Вскоре всадник, стряхивая воду с намокшего плаща, услышал шаги привратника, — он шел по двору, громко окликая собаку, чтобы та замолчала.
— Да благословят тебя боги, добрый Гермоген!.. Я — Метробий; только что прибыл из Кум…
— С приездом!
— Я весь мокрый, словно рыба… Юпитер, властитель дождей, желая позабавиться, показал мне, как много у него запасено воды в хлябях небесных… Позови кого-нибудь из рабов Эвтибиды и прикажи ему отвести мою бедную лошадь в конюшню на соседний постоялый двор, пусть ее там поставят в стойло и зададут овса.

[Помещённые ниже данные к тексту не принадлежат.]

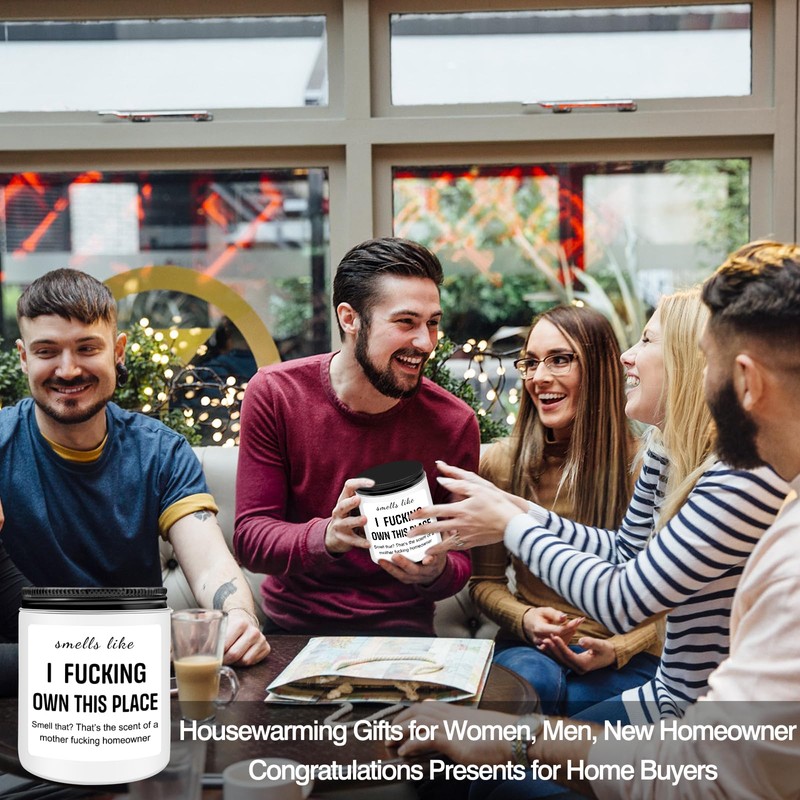 - House Warming Gifts: Home Gifts: Smells Like I ****ING OWN THIA PLACE - the perfect way to welcome new homeowners with a touch of humor. Funny slogans full of blessings, perfect housewarming gifts for new homeowners, family, friends, colleagues, sisters, brothers, ladies, men, to express your congratulations to him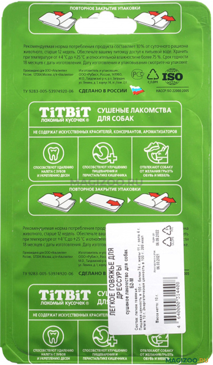 Информация о составе и ингредиентах, цветовом решении, технических и иных характеристиках, стране-изготовителе, внешнем виде и комплекте поставки товара носит справочный характер и основана на последних доступных к моменту публикации сведениях. Доставка данного товара осуществляется во все регионы РФ.Под брендом TIT BIT выпускается широкий ассортимент товаров (более 500 наименований), который позволяет индивидуально подбирать корм, лакомства и аксессуары именно для Вашего питомца.

Привратник, взяв лошадь под уздцы, громко щелкнул пальцами, — так вызывали рабов, — и сказал Метробию:
— Входи, входи, Метробий! С расположением дома ты знаком. Возле галереи ты найдешь Аспазию, рабыню госпожи; она доложит о тебе. О лошади я позабочусь; все, что ты приказал, будет сделано.
Метробий стал осторожно спускаться по ступенькам у входной двери, стараясь не поскользнуться, так как это было бы плохим предзнаменованием, вошел в переднюю и при свете бронзового светильника, спускавшегося с потолка, прочел на мозаичном полу выложенные там, по обычаю, Salve (привет); как только гость делал несколько шагов, это слово повторял попугай в клетке, висевшей на стене.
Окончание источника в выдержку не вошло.